**Work to complete**
Your copy should start at the line with "Vintage 90s Black" and end at the line with "A 1/1 stencil-screenprint" in the data below. Transcribe only those lines, exactly, pictures excluded.

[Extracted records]
================================
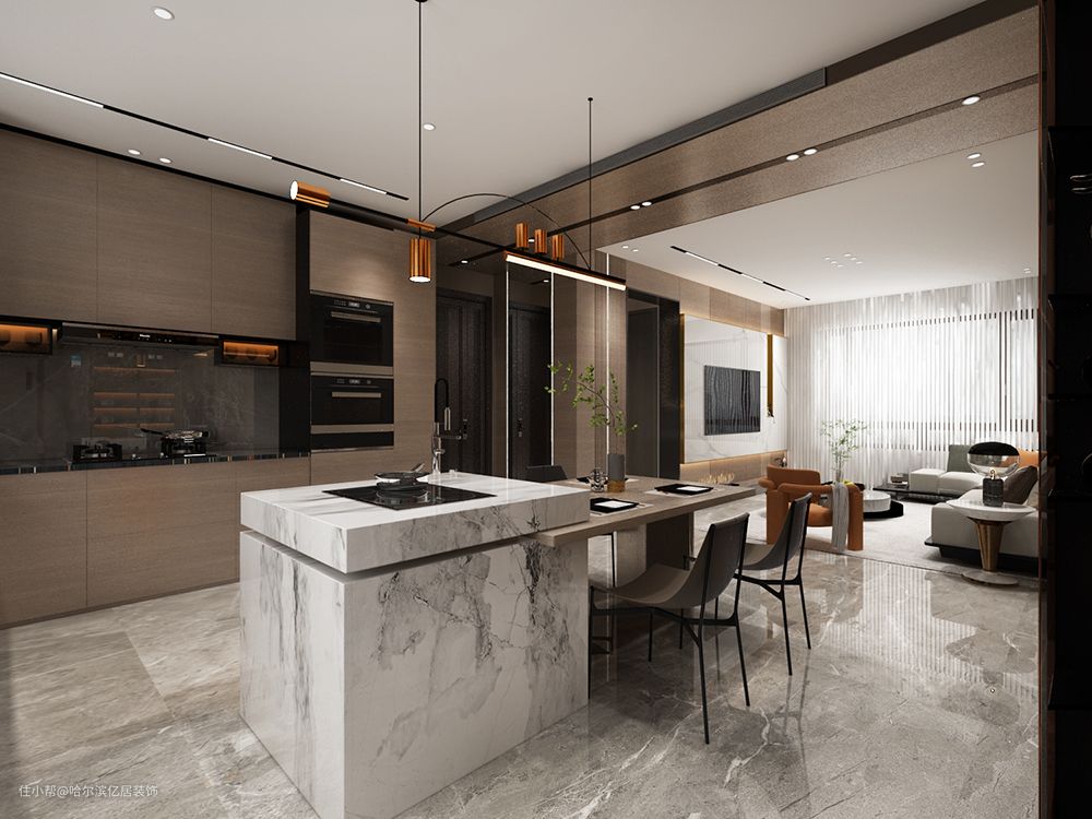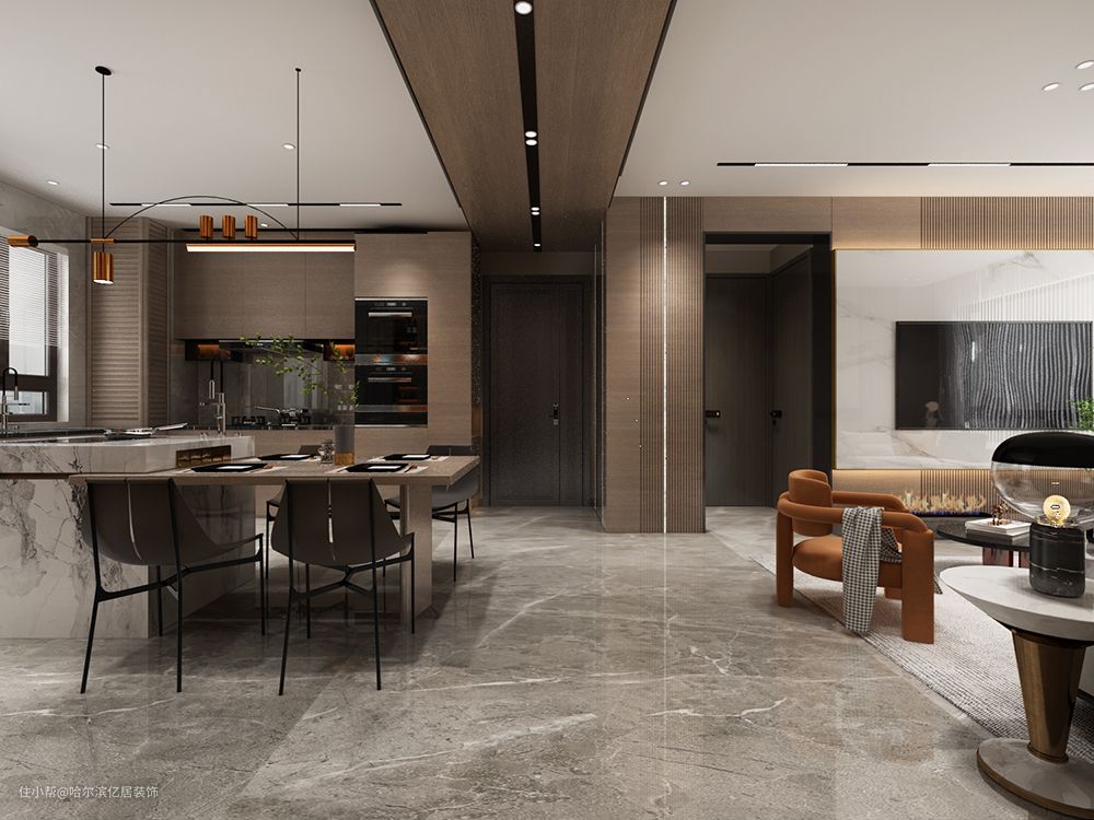 乐享时光,隐奢之家 哈尔滨汇智环球金贸城现代风装修哈尔滨亿居装饰2021-12-12客厅给人的第一印象是时尚与简约,整个空间也是围绕着以上两点进行设计的。— 客厅 —— 餐桌 —— 厨房 —— 洗手池 —— 卧室 —— 卫生间 —
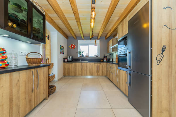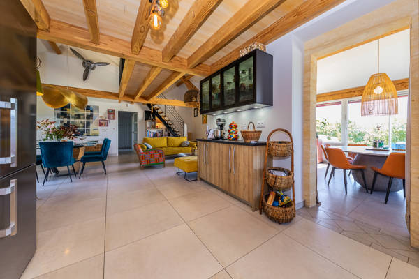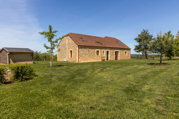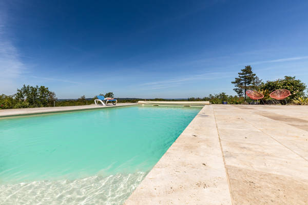 Cela crée une atmosphère décontractée. Le design et l'art (local) vont de pair dans cette maison ; belles décorations murales conçues par le propriétaire et mobilier design de Roche Bobois. De plus, la maison est décorée avec une touche d'humour, découvrez-la sur place ! Le décor coloré des quatre chambres crée une atmosphère ensoleillée et joyeuse. A côté de la cuisine se trouve un grand espace ouvert d'où vous avez une vue magnifique sur les truffières et les collines de la Dordogne/Lot. La cuisine vous offre tout pour préparer un délicieux repas français. De la cuisine, vous entrez dans le beau salon ouvert avec des canapés confortables et une chaise super relaxante et bien sûr une table à manger pour profiter d'un bon repas cette une fois que vous avez besoin de manger à l'intérieur… Au rez-de-chaussée 3 chambres avec lits doubles, à l'étage un espace détente et une autre chambre avec un lit double (il y a climatisation dans cette chambre). Salle de bain en bas et salle de bain en haut complètent l’interieur.
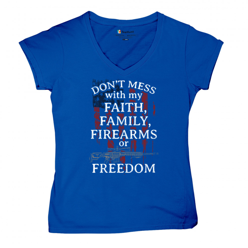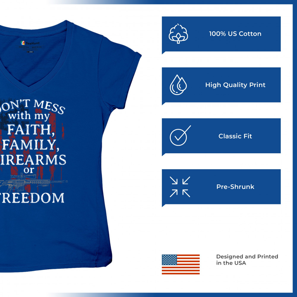 Patriotic shirt with "Don't Mess with My Faith, Family, Firearms, or Freedom" over distressed American flag. Perfect for patriots and veterans.
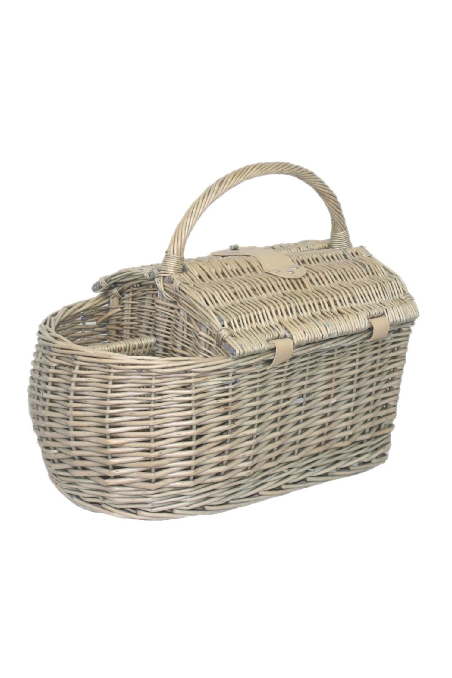 Two-person fully fitted picnic basket finished in a full buff antique wash finish willow cream faux leather.
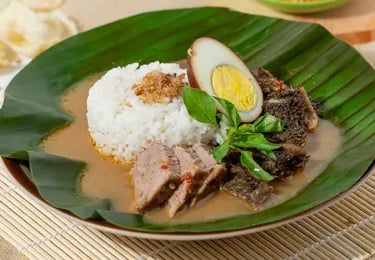 Nasi Gandul: A traditional dish from Pati. Rice is served on a banana leaf and generously topped with a savory, slightly sweet beef/offal stew, characterized by its thin, rich broth.
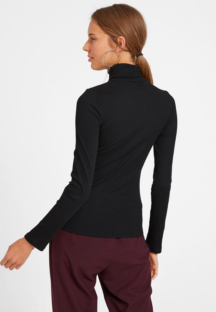 Siyah Boğazlı Uzun Kol Detaylı Triko
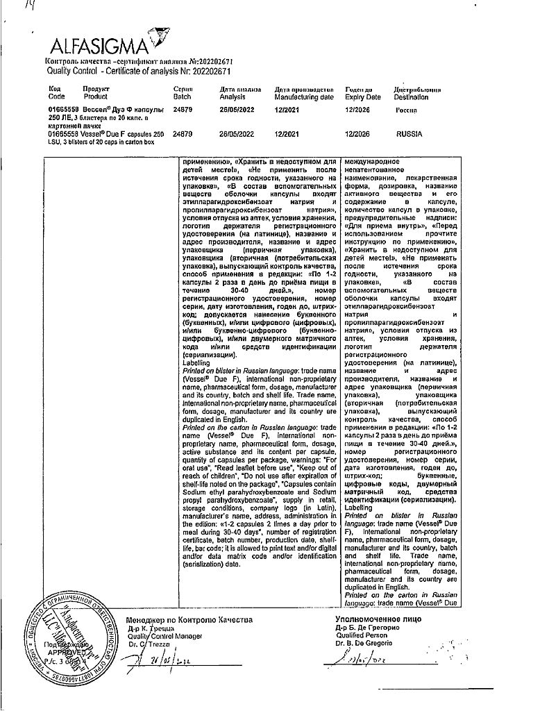 • 📲 Цена на Вессел Дуэ Ф капсулы 250 ле 60 шт ниже в нашем приложении
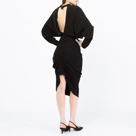 Vintage 90s Black Cage Back Mini Dress - Petite Small
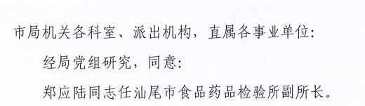 关于郑应陆同志任职的通知
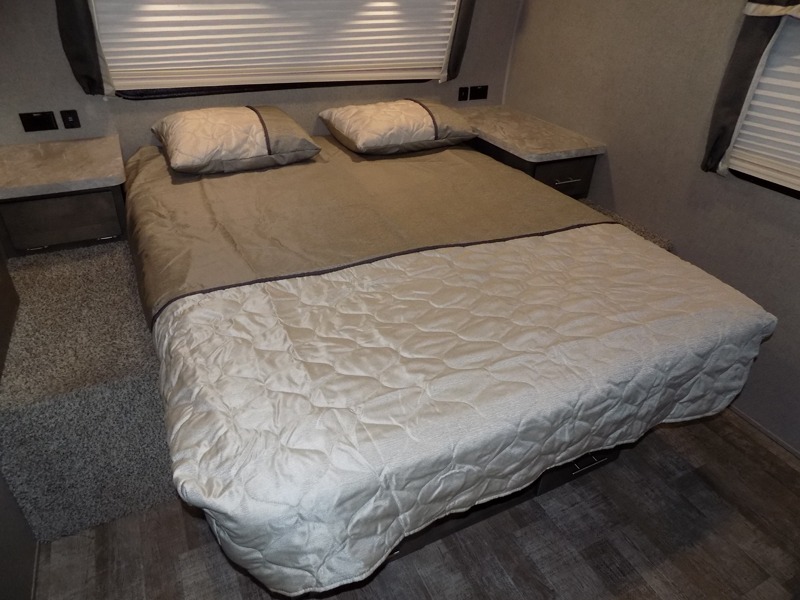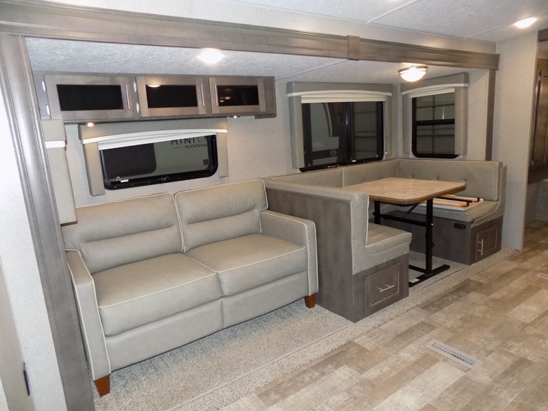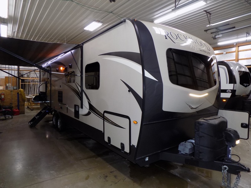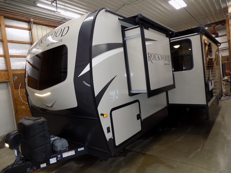 Comfortable, lightweight, fun, and accommodating are just a few of the words that you could use to describe the Forest River Rockwood Ultra Lite fifth wheel and travel trailer! Some of the other words you could use are stylish and dependable. The thermostatically controlled heated holding tanks and enclosed underbelly will keep your unit protected from the cold, and the six-sided aluminum cage construction and surface-coated steel I-beam frame deliver a strong base for everything to be built upon. Radius roofs with interior vaulted ceilings provide an open environment, and the exterior also has an outside shower and speakers for extra convenience.
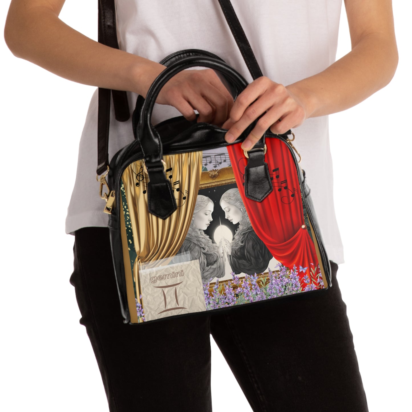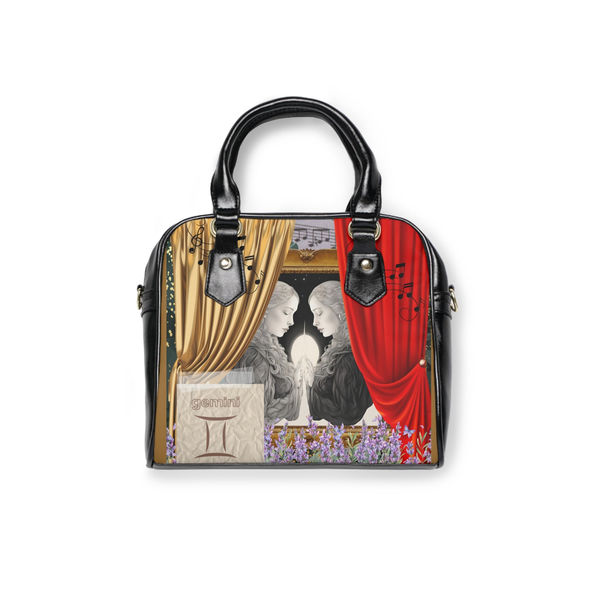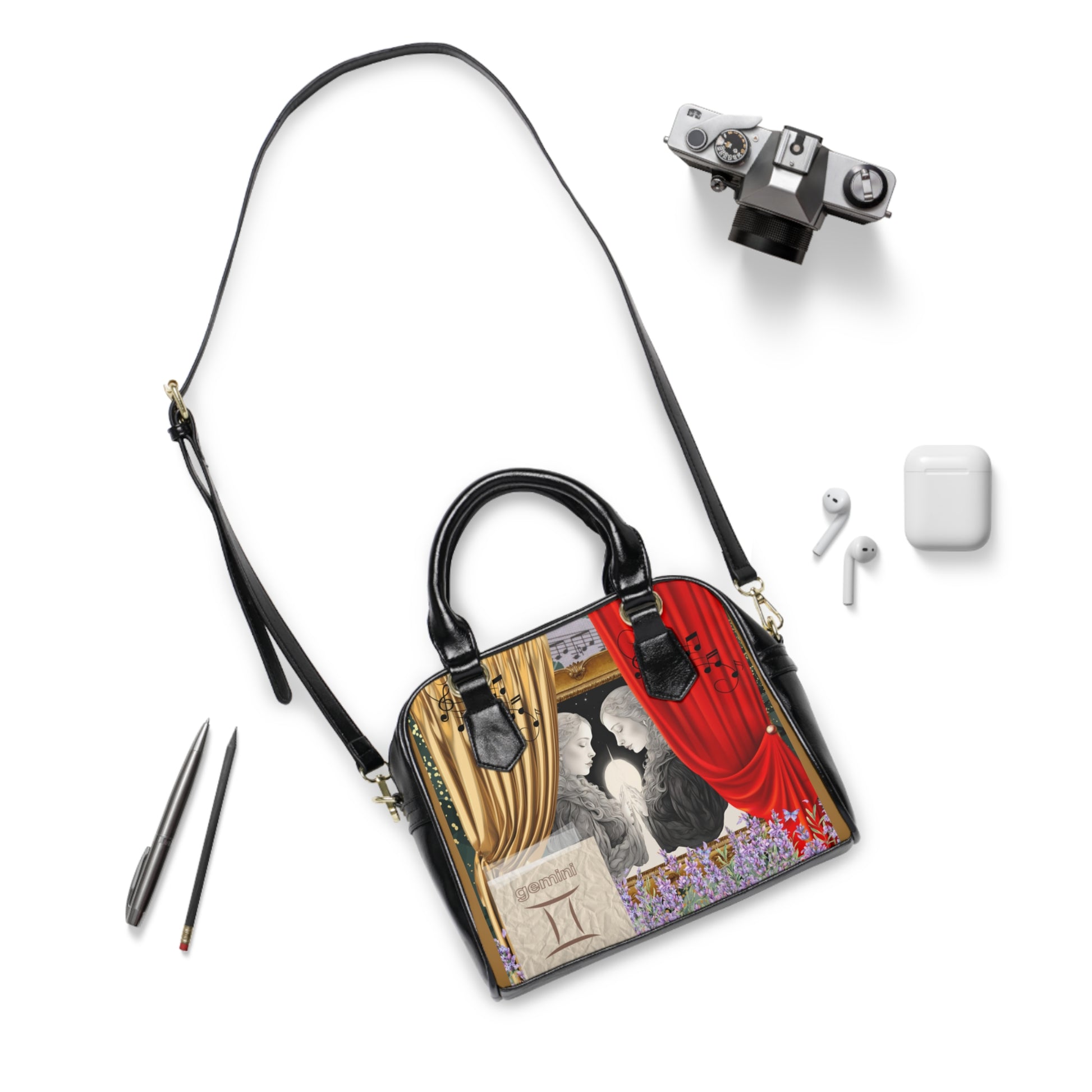 The handbag showcases a mesmerizing illustration of the Gemini twins. Rendered in delicate black and white, the twins are depicted in a mirror-like image, holding a luminous orb that symbolizes their dual nature and intellectual curiosity. The intricate details and ethereal quality of the artwork are framed by luxurious golden drapes, adding a touch of opulence. Above the twins, the word "GEMINI" is elegantly displayed along with the distinctive Gemini symbol, emphasizing the zodiac theme.
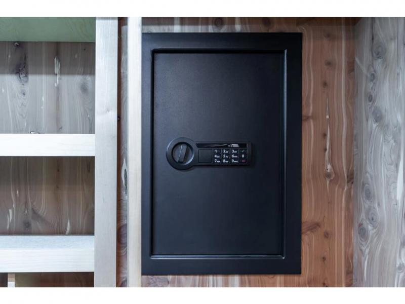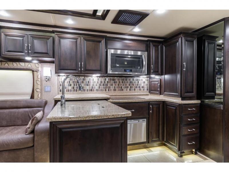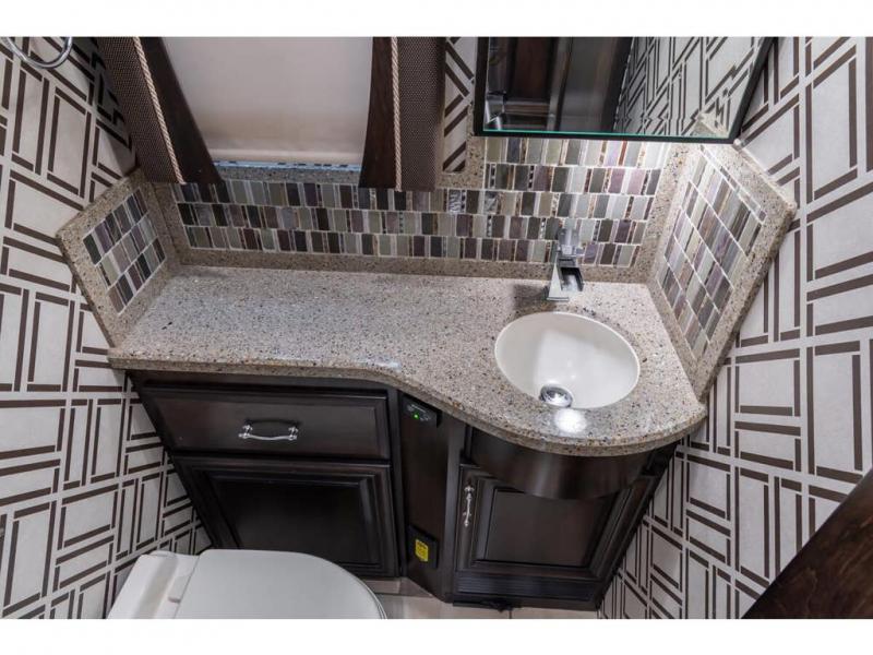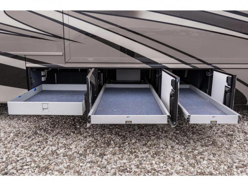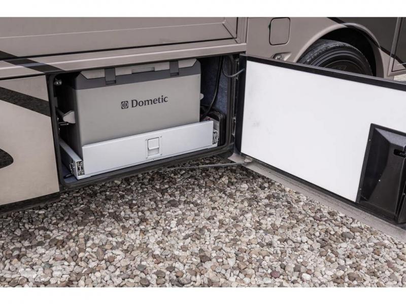 Inside this motor home find plenty of space in the main living area thanks to the full wall slide along the roadside, and the slide along the door side. The door side slide has a 84" hide-a-bed sofa, l-shaped counter with a double kitchen sink, two burner range, and next to the range you will find a pantry. There is also a large overhead cabinet above this slide for extra storage. Just past the slide you will find a half bath.
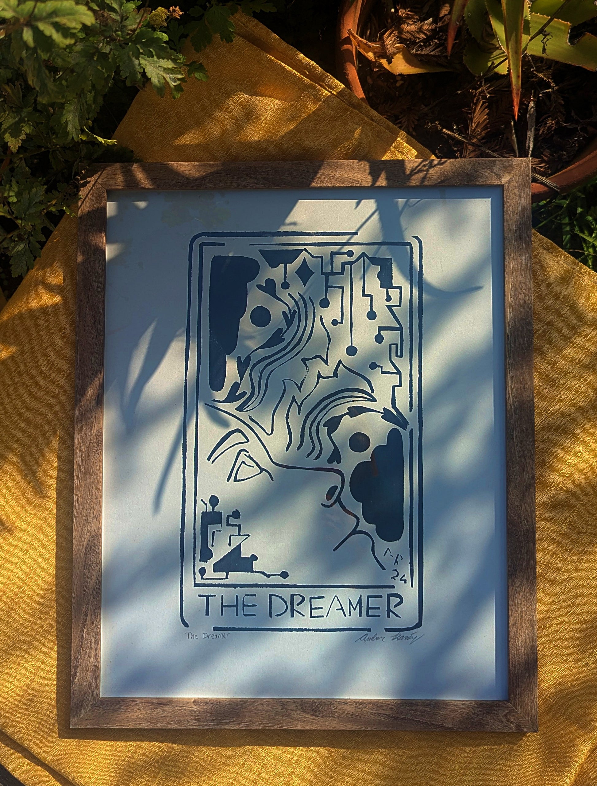 A 1/1 stencil-screenprint of powerhouse design - The Dreamer, printed in 2025 and design originally created in Spring of 2024.
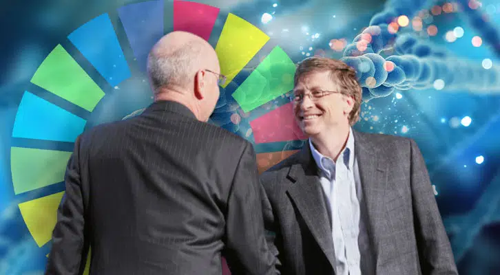 Bild: Gates & Schwab: World Economic Forum / www.swiss-image.ch / Remy Steinegger, Flickr, CC BY-NC-SA 2.0; DNA-Helix: Freepik; Komposition: Wochenblick / Eigenes Werk
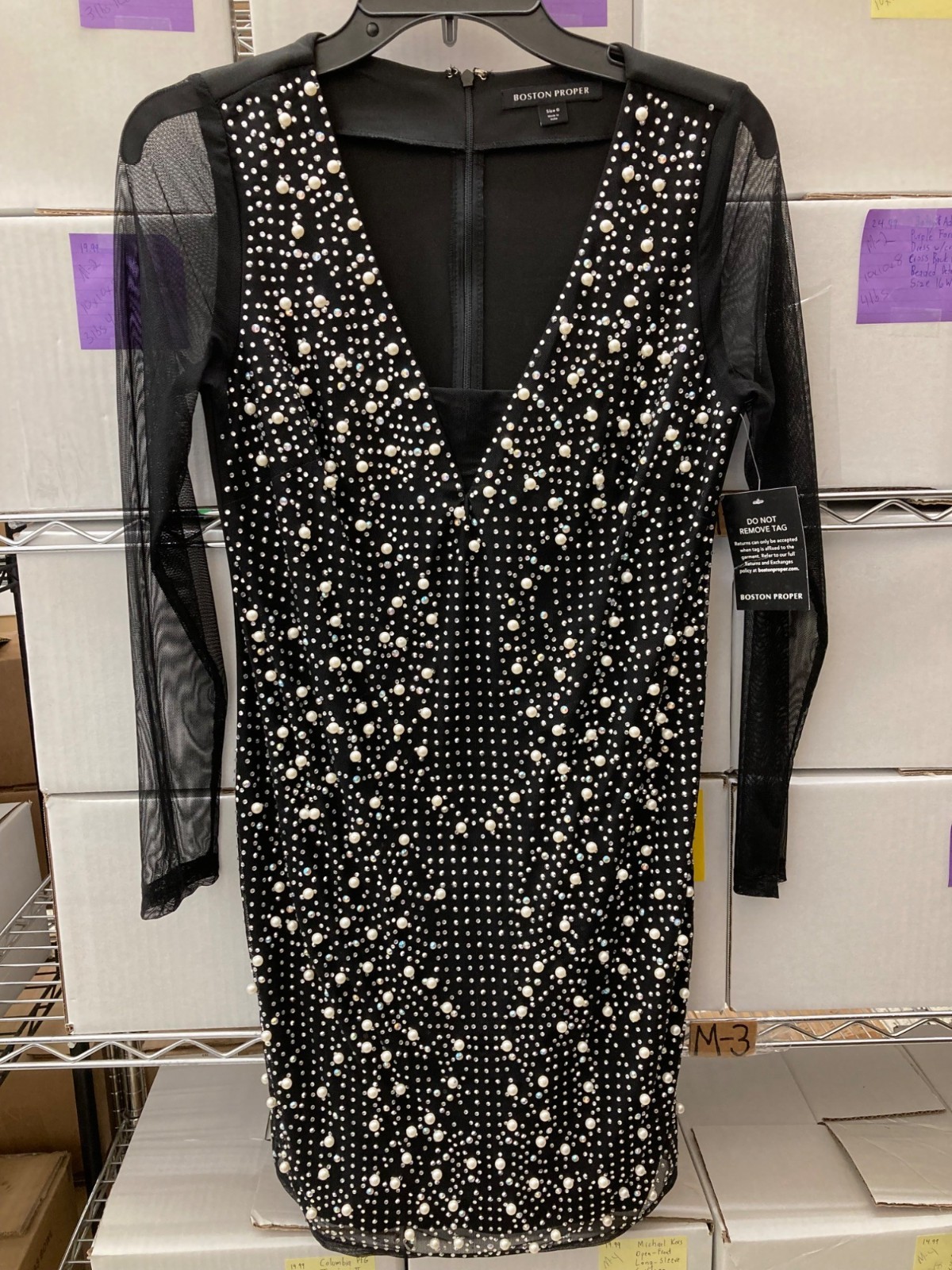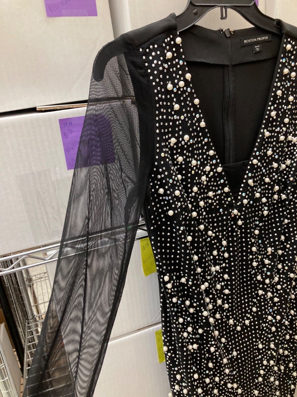 Boston Proper Black Pearl & Rhinestone Embellished Dress Size 6
================================
**Answer below**
 Vintage 90s Black Cage Back Mini Dress - Petite Small
 关于郑应陆同志任职的通知
 Comfortable, lightweight, fun, and accommodating are just a few of the words that you could use to describe the Forest River Rockwood Ultra Lite fifth wheel and travel trailer! Some of the other words you could use are stylish and dependable. The thermostatically controlled heated holding tanks and enclosed underbelly will keep your unit protected from the cold, and the six-sided aluminum cage construction and surface-coated steel I-beam frame deliver a strong base for everything to be built upon. Radius roofs with interior vaulted ceilings provide an open environment, and the exterior also has an outside shower and speakers for extra convenience.
 The handbag showcases a mesmerizing illustration of the Gemini twins. Rendered in delicate black and white, the twins are depicted in a mirror-like image, holding a luminous orb that symbolizes their dual nature and intellectual curiosity. The intricate details and ethereal quality of the artwork are framed by luxurious golden drapes, adding a touch of opulence. Above the twins, the word "GEMINI" is elegantly displayed along with the distinctive Gemini symbol, emphasizing the zodiac theme.
 Inside this motor home find plenty of space in the main living area thanks to the full wall slide along the roadside, and the slide along the door side. The door side slide has a 84" hide-a-bed sofa, l-shaped counter with a double kitchen sink, two burner range, and next to the range you will find a pantry. There is also a large overhead cabinet above this slide for extra storage. Just past the slide you will find a half bath.
 A 1/1 stencil-screenprint of powerhouse design - The Dreamer, printed in 2025 and design originally created in Spring of 2024.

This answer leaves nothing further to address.